A source close to the US intelligence community says that signals intelligence on Rauf, taken from phone intercepts and eavesdropping devices, has been discovered since his apparent death.

The reports that he is dead came out at a time when the CIA was under pressure to take out high-profile Al Qaeda operatives, our source explained. I have seen some of the information and his lawyers, who also believe he is still alive, have seen reports from Pakistani intelligence.

The problem with the strike on Rauf is that you cannot make out from the cameras that tracked the air strike whether or not he was hit. This took place at night, in a building where it is impossible to tell who is inside.

The timing of this strike is crucial.
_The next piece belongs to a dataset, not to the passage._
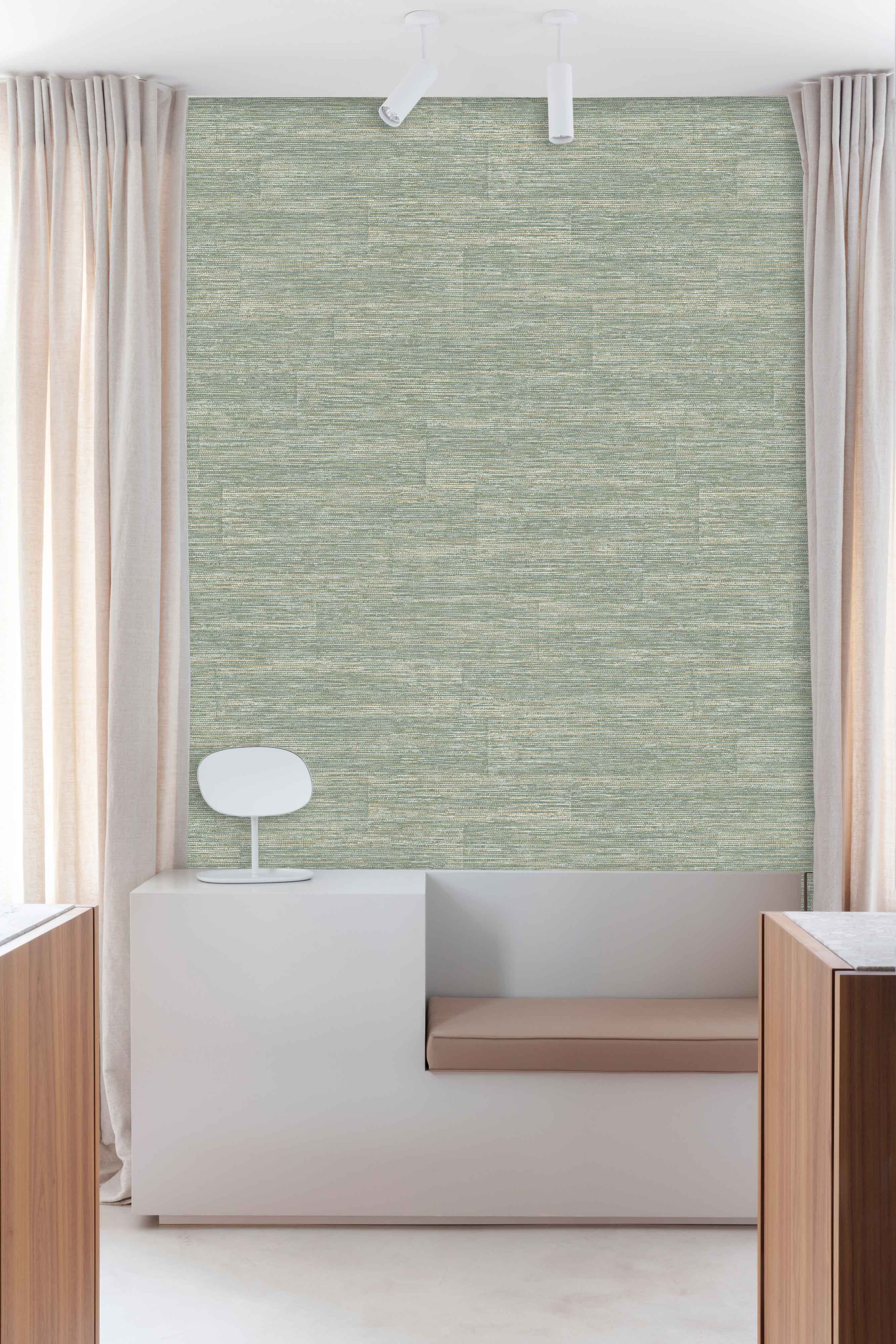 A refreshing wallpaper in a subtle aqua blue-green tone. The horizontal woven pattern is calming and elegant, making it an excellent choice for a serene bedroom or a spa-like bathroom..

There was a lot of pressure for these raids to make an impression.

If there was suspicion that someone was killed, they went ahead and released it to the press claiming that person was dead.

I understand that he is alive, and that the Pakistanis are hunting him.
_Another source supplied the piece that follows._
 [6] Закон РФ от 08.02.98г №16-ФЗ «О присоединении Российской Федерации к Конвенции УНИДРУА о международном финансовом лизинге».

Reports that Rauf may still be alive first emerged in April after a militant detained during a raid in Belgium claimed that he had been trained by the Brummie terror chief.

Shortly after the November strike, Raufs lawyer claimed he was still alive, and that Taliban fighters had been in touch with him.

In April, the former Washwood Heath High School student was implicated as the mastermind behind a failed plot to conduct attacks at a shopping centre in Manchester on Easter Sunday.

Rauf fled to the tribal areas of North Western Pakistan in April 2002, as West Midlands Police tried to question him over the murder of his uncle, Mohammed Saeed, in Alum Rock.

He married a relative of Maulana Masood Azhar, the notorious founder of Kashmiri terror group Jaish-e-Mohammed, in 2003.

Intelligence reports say he took an active role in planning terror spectaculars and was the ringleader of the liquid bomb plot to blow up US-bound jets over the Atlantic Ocean.

In August 2006, as spooks were monitoring the airline bomb plot, Rauf, who was under surveillance by British, Pakistani and American secret services, was arrested on the instruction of the CIA, forcing MI5 to arrest the London-based fanatics who were due to carry out the attack.

Although charges over the transatlantic plot were later dropped against Rauf, the CIA continued to track his activities and he was held by Pakistani police as detectives in Birmingham sought his extradition over his uncles murder.

But in December 2007 Rauf gave guards the slip after a hearing and fled back to the lawless tribal regions of North Western Pakistan.